Date of Award

Spring 5-5-2017

Degree Type

Thesis

Degree Name

Bachelor of Science (BS)

Department

Neuroscience Institute

First Advisor

Geert de Vries, Ph.D.

Second Advisor

Mary Holder, Ph.D.

Abstract

Microbiota are micro-organisms that colonize the internal and external surfaces of the body and contribute to developmental processes and the microbiota-gut-brain axis, thereby to the high comorbidity between mental and gastrointestinal diseases. Recent evidence suggests that the gut microbiota influence the expression of vasopressin (AVP), a neuropeptide that mediates anxiety, stress and sickness behaviors and oxytocin (OXT), a neuropeptide that modulates social behavior and energy homeostasis. One way that the gut microbiota can be altered is through diet. Dietary emulsifiers, ambiphillic molecules used to stabilize emulsions of oil and water, alter the gut microbiome and increase intestinal inflammation. Recently, we have demonstrated that the emulsifiers carboxymethylcellulose (CMC) and polysorbate 80 (P80) increase anxiety-like behavior and reduce social behavior. Here, we investigate the roles of AVP and OXT as potential neural mechanisms by which emulsifiers alter anxiety and social behaviors. To test, male and female mice were weaned at 3 weeks of age, started in water (control), CMC or P80 treatment, and remained on treatment throughout the duration of the experiment.
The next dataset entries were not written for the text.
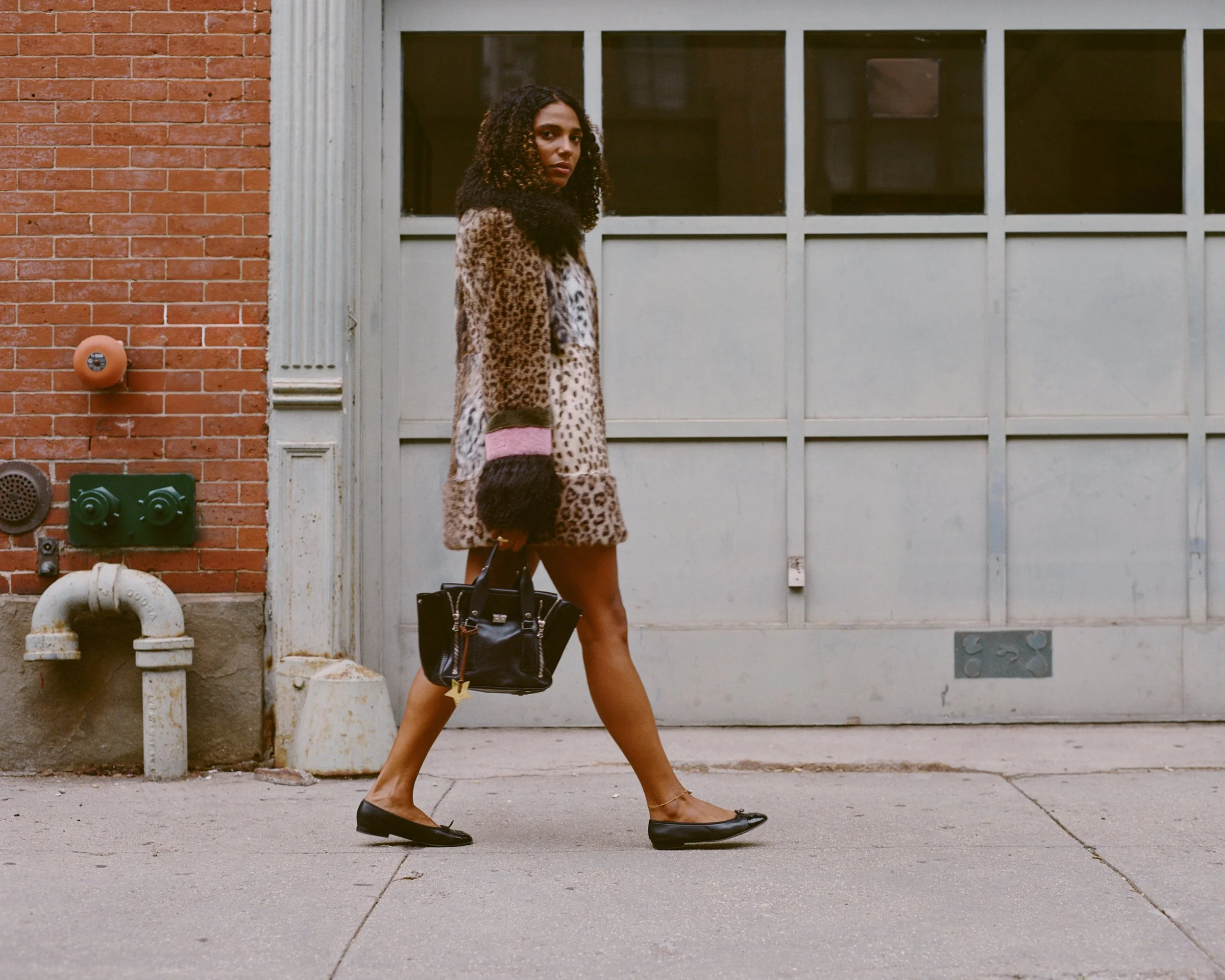 A woman walks on a city sidewalk in front of a garage with a grey door, wearing a leopard print coat, black flats, and carrying a black handbag.
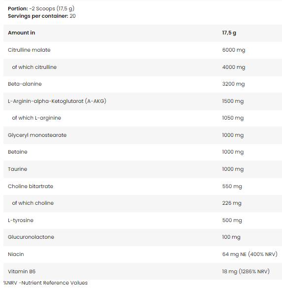 цитрулин малат, бета-аланин, L-аргинин алфакетоглутарат (A-AKG), стабилизатор (глицерил моностеарат), безводен бетаин, таурин, антислепващ агент (E551), регулатор на киселинността (E500(ii)), ароматизатори8, холин битартрат, овкусители 6,7,11, L-тирозин, овкусители 1,2,3,4,5,9, овкусител 10, сол, глюкуронолактон, ниацин (никотинова киселина), витамин В6 (пиридоксин хидрохлорид), концентрат от сок от червено цвекло 1,2, 4,5,6,9,10,11, концентрат от черен морков6, подсладители (ацесулфам К, сукралоза, стевиол гликозиди от стевия), оцветител/и [(E160a)3,4,5,7,8, (E104)3 , (E132)11]. E104: Може да има неблагоприятен ефект върху активността и вниманието при деца.
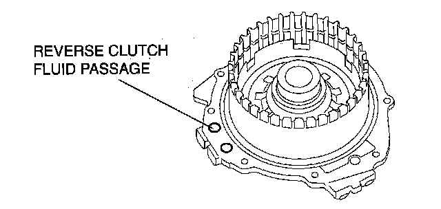 2. Remove the reverse piston from the 2-4 brake drum by applying compressed air through the fluid passage.
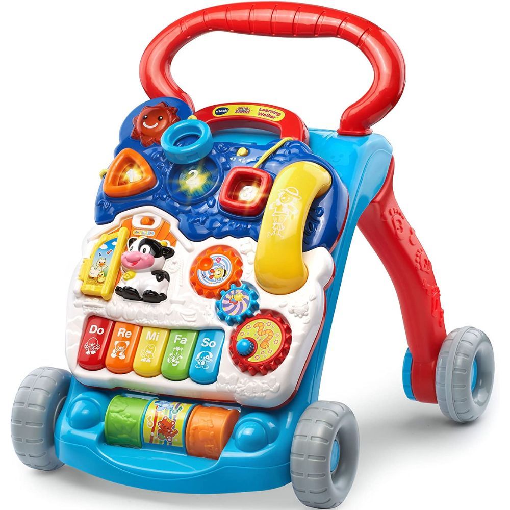 The VTech Sit-To-Stand Learning Walker is the ideal companion for helping your baby explore and learn. Its removable tray comes equipped with a variety of activities to provide both fun and education, as well as easy reattachment for on-the-go fun.
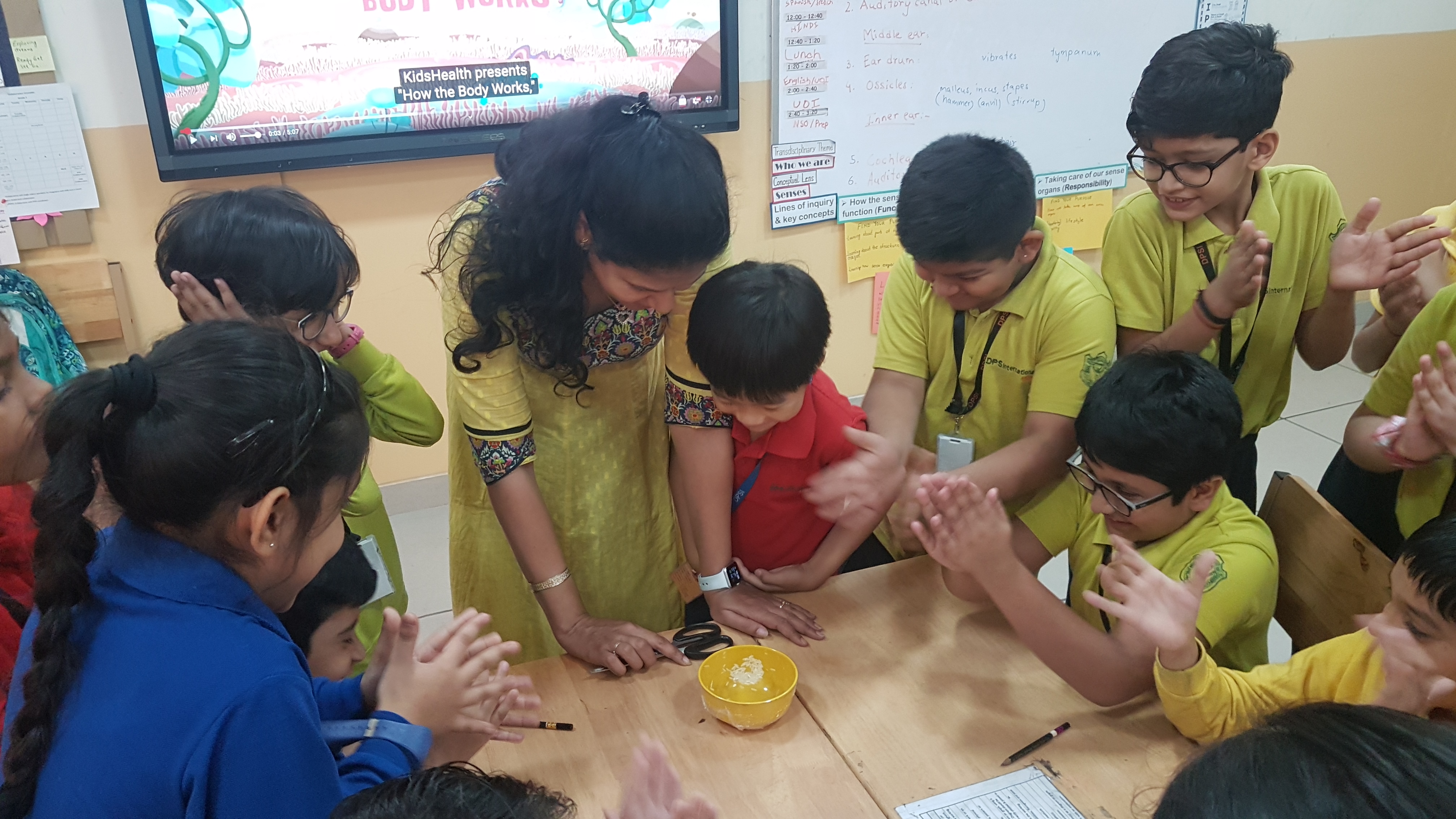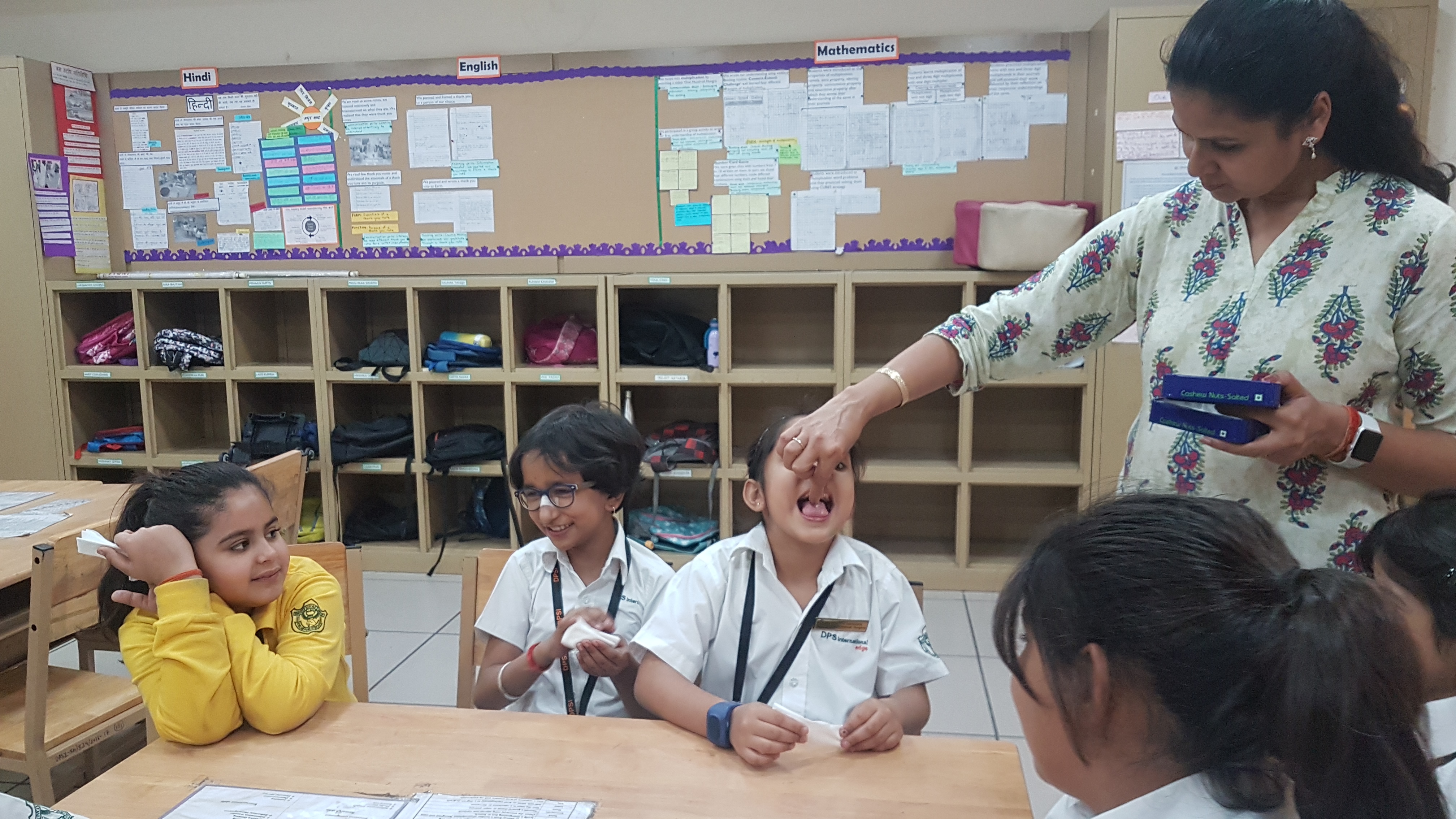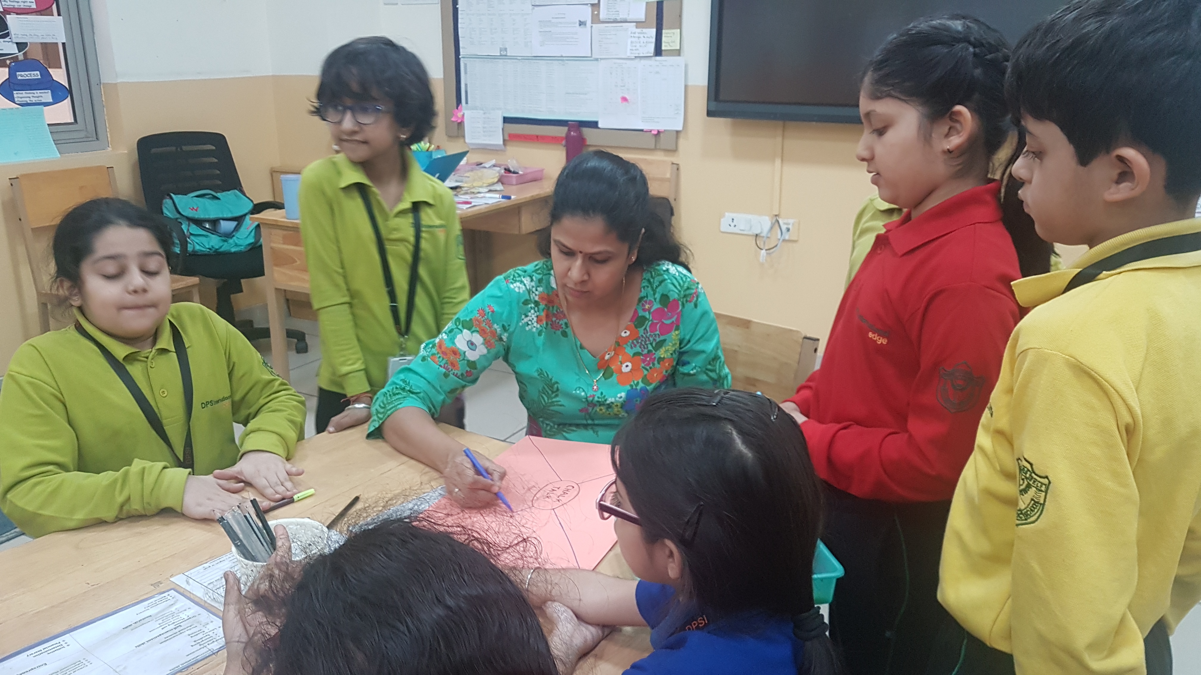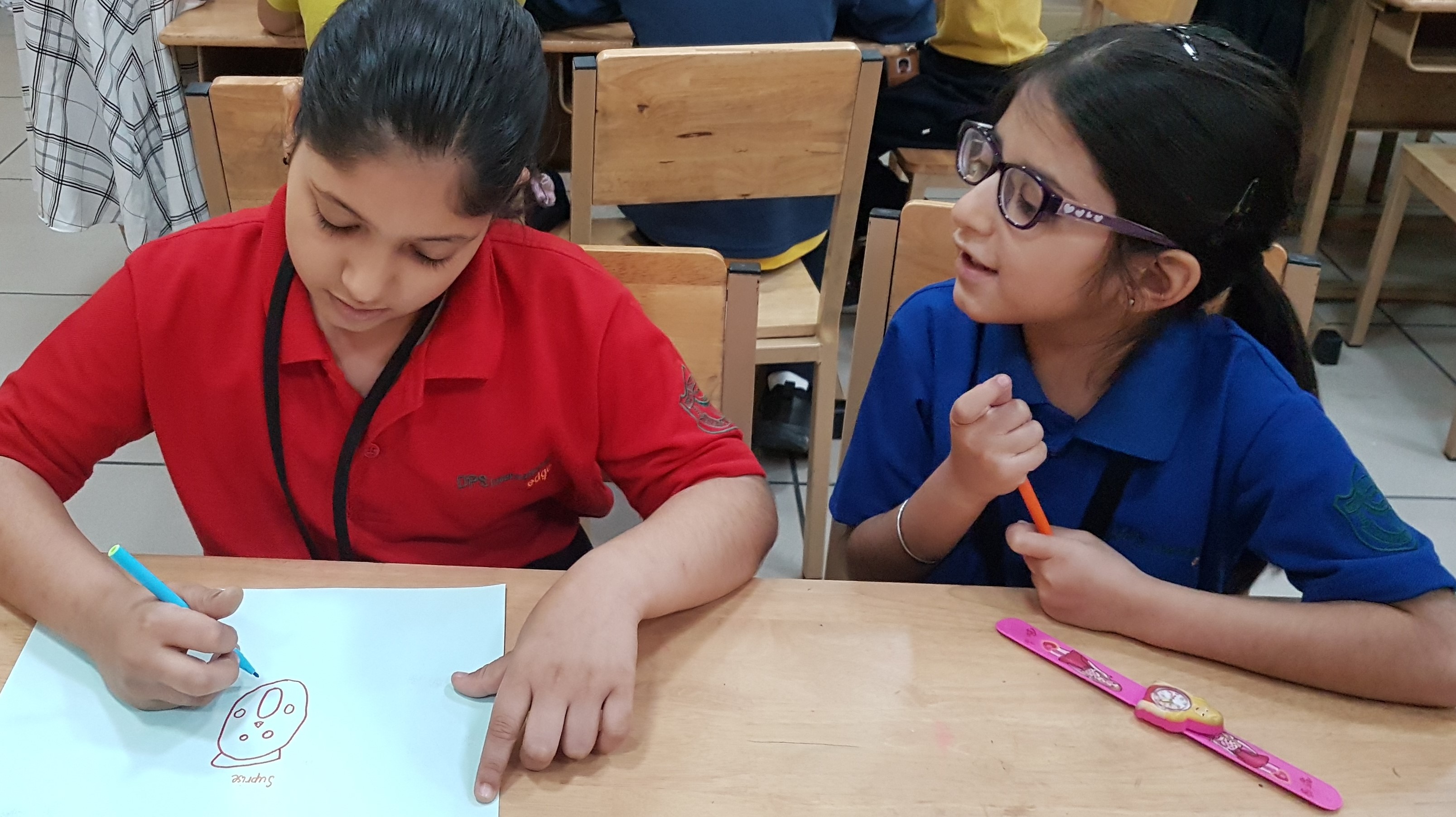 In their Hindi lesson students presented prior knowledge on sense organs through role play and a visual thinking routine ‘Think-pair-share’. They enhanced their communication skills and visual imagery by listening to and reading a poem. They picked up naming words from a given picture and revisited grammar concepts वचन (singular-plural).
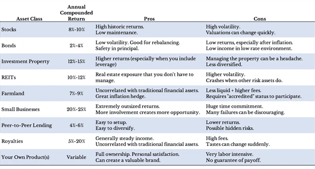 Možnosti investování jsou téměř nekonečné a nevyčerpatelné. Ne každá investice je ale vhodná pro všechny. Následující přehled se zaměřuje na devět tříd aktiv, u kterých vyzdvihuje jak jejich hlavní klady, tak největší zápory.
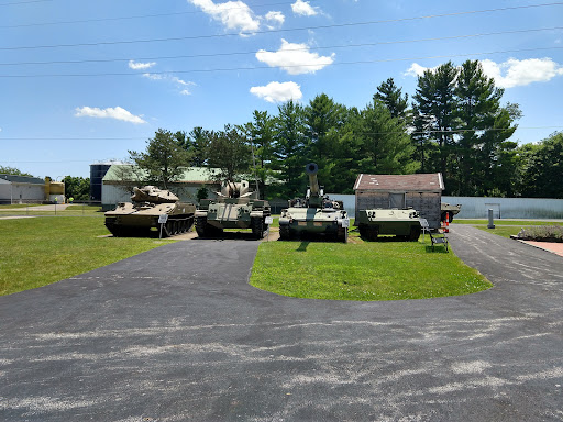 Outside of the main building, there is a large grassy area that has several pieces of large military equipment.
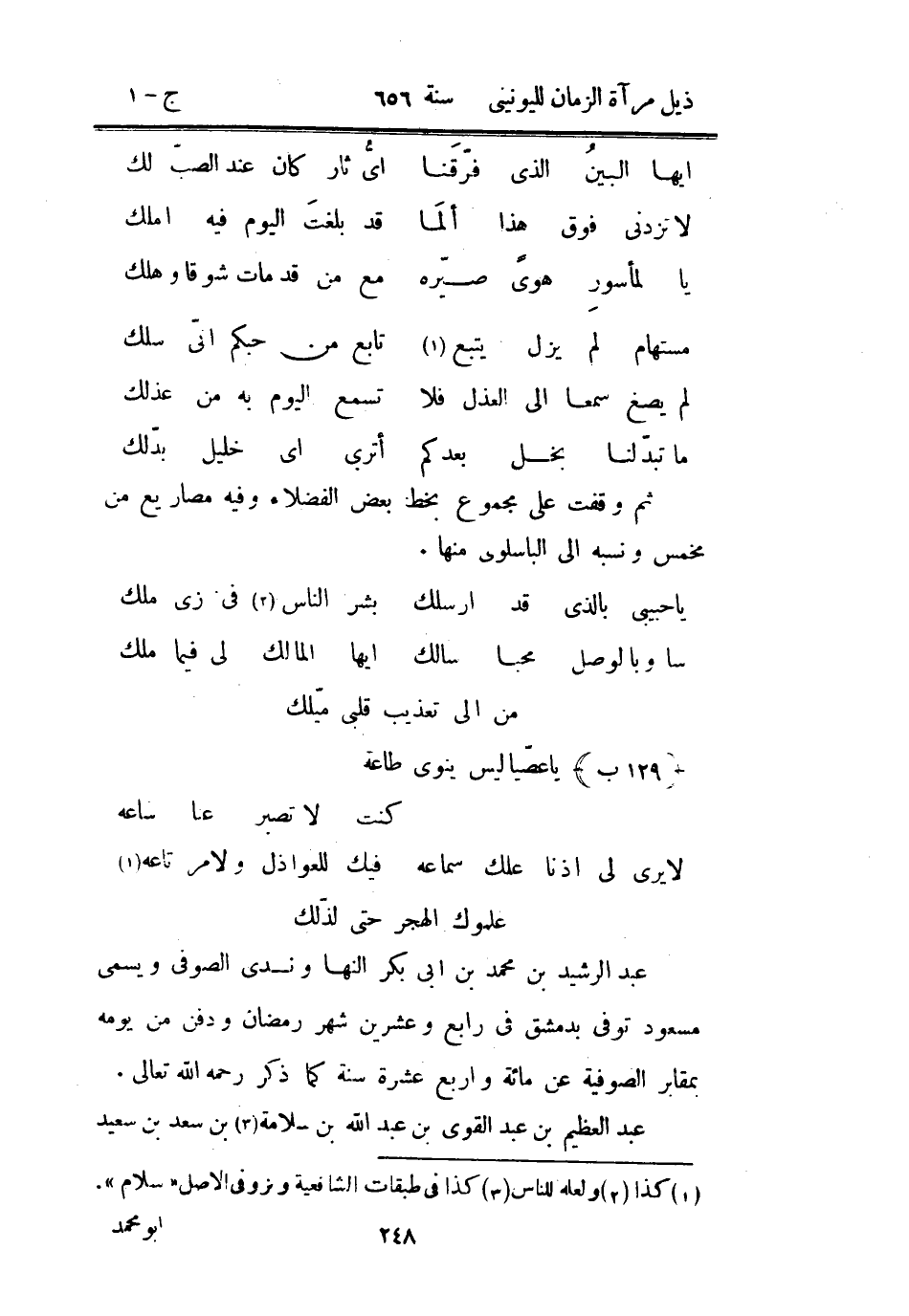 عبد الرشيد بن محمد بن أبي بكر النها وندى الصوفي ويسمى مسعود توفي بدمشق في رابع وعشرين شهر رمضان ودفن من يومه بمقابر الصوفية عن مائة وأربع عشرة سنة كما ذكر رحمه الله تعالى.
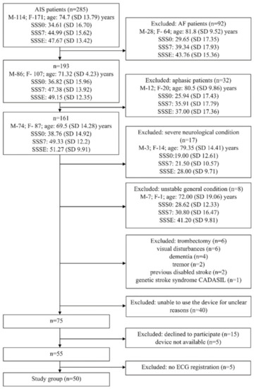AIS patients treated at the stroke unit were recruited over a period of 12 months. Fifty patients (26 males; 24 females; mean age 64.44, SD 10.52 years) from 285 AIS patients treated at the stroke unit Department of Neurology and Epileptology met the inclusion criteria, entered the study, and used the device properly—i.e., they were able to record at least one 30-s ECG (Figure 2, flow diagram).

A standard battery of anxiety and social behavior tests was conducted starting at 10 weeks of age. A week following the completion of the last behavioral task, mice were euthanized, and brains were harvested and processed immunoreactivity (IR) of AVP and OXT in brain areas associated with stress and metabolism, such as the paraventricular nucleus of the hypothalamus (PVN) and paraventricular nucleus of the thalamus (PVT). There was no main effect of treatment in AVP-IR in the PVN or PVT or OXT-IR in the PVN. There was a main effect of sex in AVP-IR in the PVN. Therefore, the results do not support the hypothesis regarding vasopressin and oxytocin expression in the PVN and PVT of mice with emulsifier-induced intestinal inflammation. Altered expression of AVP and OXT may not be a mechanism by which dietary emulsifiers cause changes in anxiety-like and social behavior.